Deputy trade and industry minister, Nomalungelo Gina.

A planned Durban aerotropolis is expected to turn the area around the King Shaka International Airport into a smart city with “diversified economic activities” that will boost the KwaZulu Natal (KZN) economy.

“Government perceives the 50-year Durban Aerotropolis Master Plan as not just a project for Durban, and its future economic boom, but for the entire province which will benefit through the economic spin-offs that will arise as a result of the hive of business activities in this Dube Trade Port precinct,” said Deputy Minister for Trade and Industry, Nomalungelo Gina.

She was reacting to the unveiling of the plan by the KZN premier Sihle Zikalala late last week, at which he said the project had the potential to attract “massive investment” of up to R1 trillion.

The master plan incorporates 32 000 hectares of land, as well as 10 000 hectares of green space.

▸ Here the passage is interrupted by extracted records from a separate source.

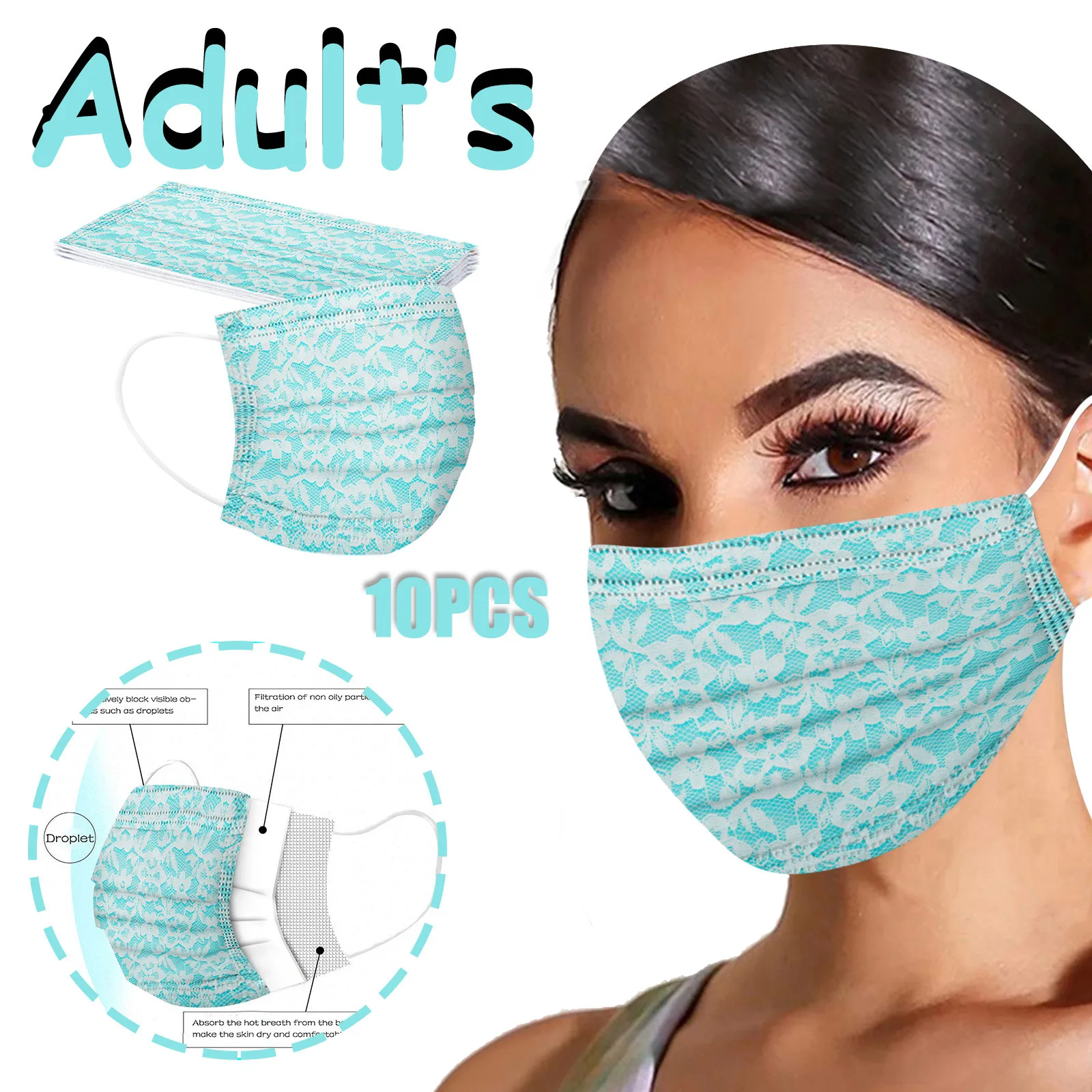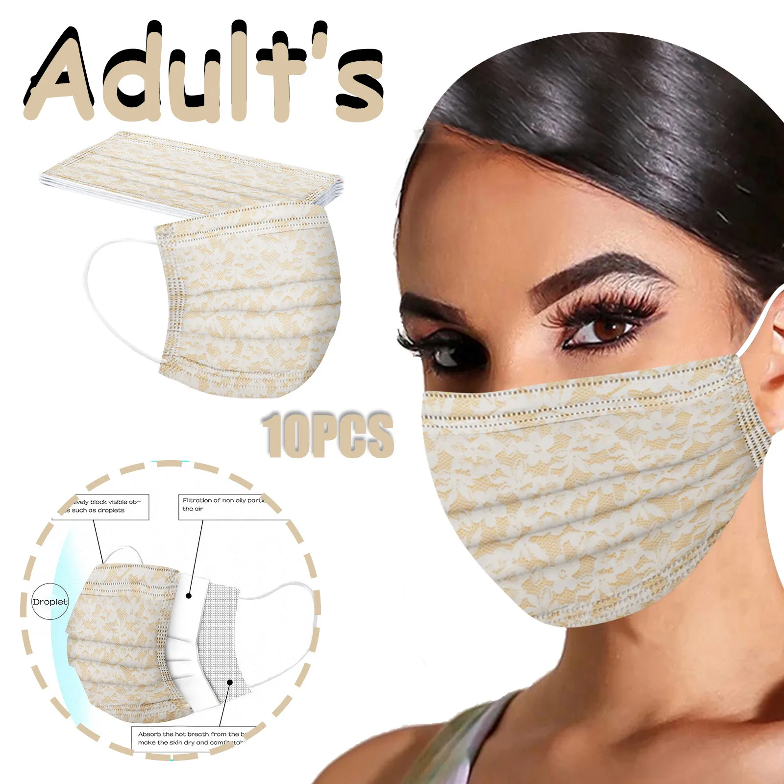 Одноразовая маска для лица, с кружевным принтом, 3 слоя, с петлями для ушей, Anti-pm2.5, 10 шт.
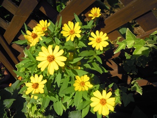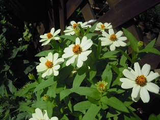 ジニア・プロフュージョンの白と黄色、だいぶ咲いてきました。
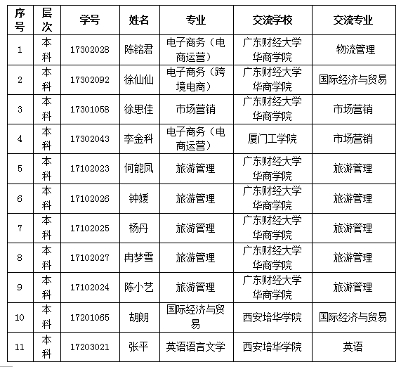 根据AWC万象城娱乐教务部[2018]047号《关于开展2018-2019学年第一学期国内高校交流学习项目报名工作的通知》文件要求,经过个人申请,二级学院推荐,学工部、教务部审核,已拟定参与本次交流学习项目的学生名单,现予以公示,公示期为2018年7月5日至7月9日。
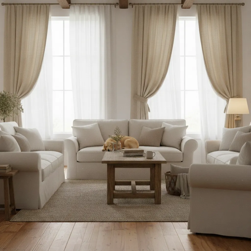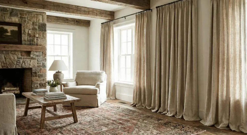 15 Farmhouse Curtain Styles for a Living Room That Feels Relaxed and Lived-In
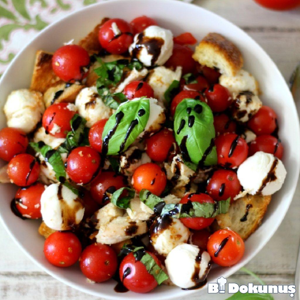 - Mozzarella peyniri, çilek, fesleğen, kızarmış ekmek ve Sosunu domatesli kaseye ekleyin; iyice karışana kadar fırlatın ve sallayın.
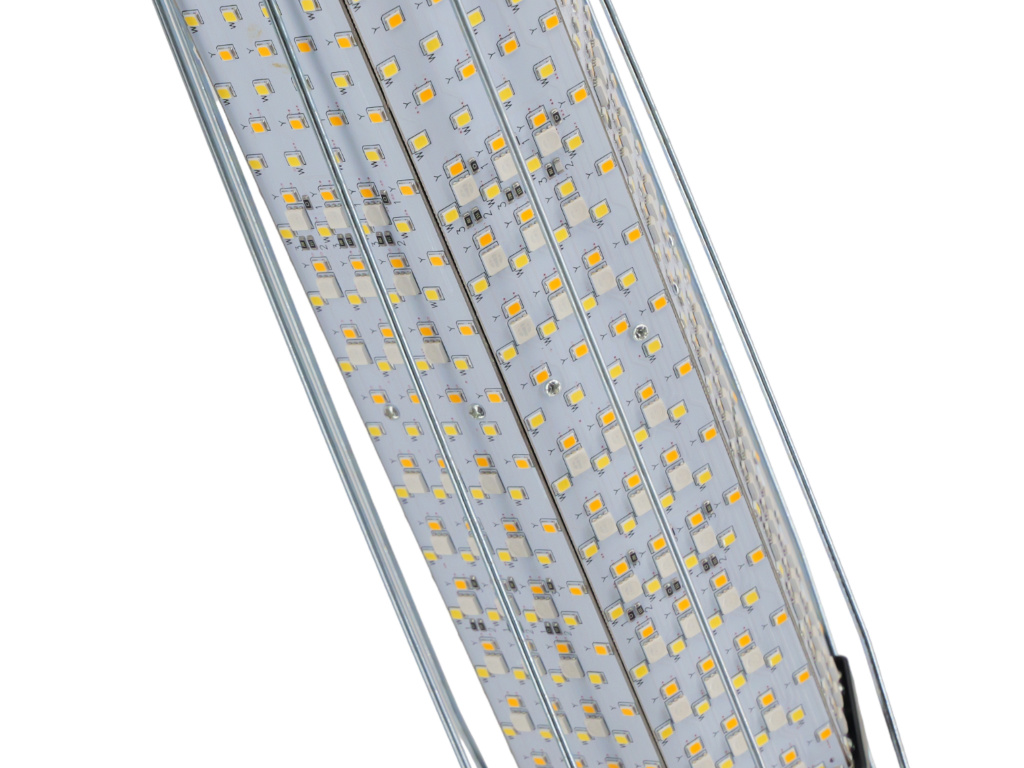 Am stärksten ist das Licht im weiß-gelben Modus, in dem eine Leuchte eine Leistung von bis zu 120 W hat. Die Temperatureinstellung erfolgt in Schritten von 250-300K (pro Schalter). Sie können die Temperatur direkt auf der Rückseite der Leuchte oder mit der Fernbedienung einstellen.
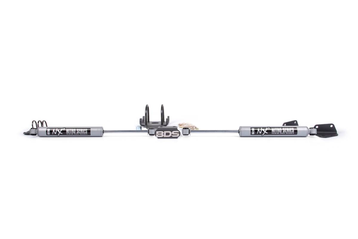 Enhance the handling of your 2009-2013 Dodge Ram 2500/3500 4WD by installing the BDS dual steering stabilizer mounting kit with NX2 shocks. Installing larger tires can exert additional force on your truck's suspension, but steering stabilizer shocks can effectively reduce bump steer and steering wheel feedback. BDS mounting brackets are constructed of high-strength steel and can be easily bolted on. When used alongside a BDS lift kit, this steering stabilizer kit can help extend the lifespan of your factory steering components.

Timing and financing details have not been made public.

It is claimed to be the only greenfield aerotropolis in Africa.

“The planned aerotropolis is poised to take advantage of rapidly increasing global connectivity, efficient Dube Trade Port logistics, Durban's seaport and the Special Economic Zone status of the precinct surrounding the airport,” said Zikalala.

Gina said economic enclaves developed around airports to take advantage of the faster export of goods, increased global connectivity, multi-modal transportation systems and other aviation-related businesses.

“Being the second largest economy in South Africa, KZN presents a vast array of opportunities for investments with an ideal location,” she said, encouraging potential investors to look at both Dube Trade Port and the Richards Bay special economic zones as potential investment hubs.

“The two offer an internationally competitive value proposition with unique offerings for investors.  and some of which include ready infrastructure for business development, reduced costs for key inputs such as land, water and electricity, and tax relief which includes a reduced corporate tax rate.”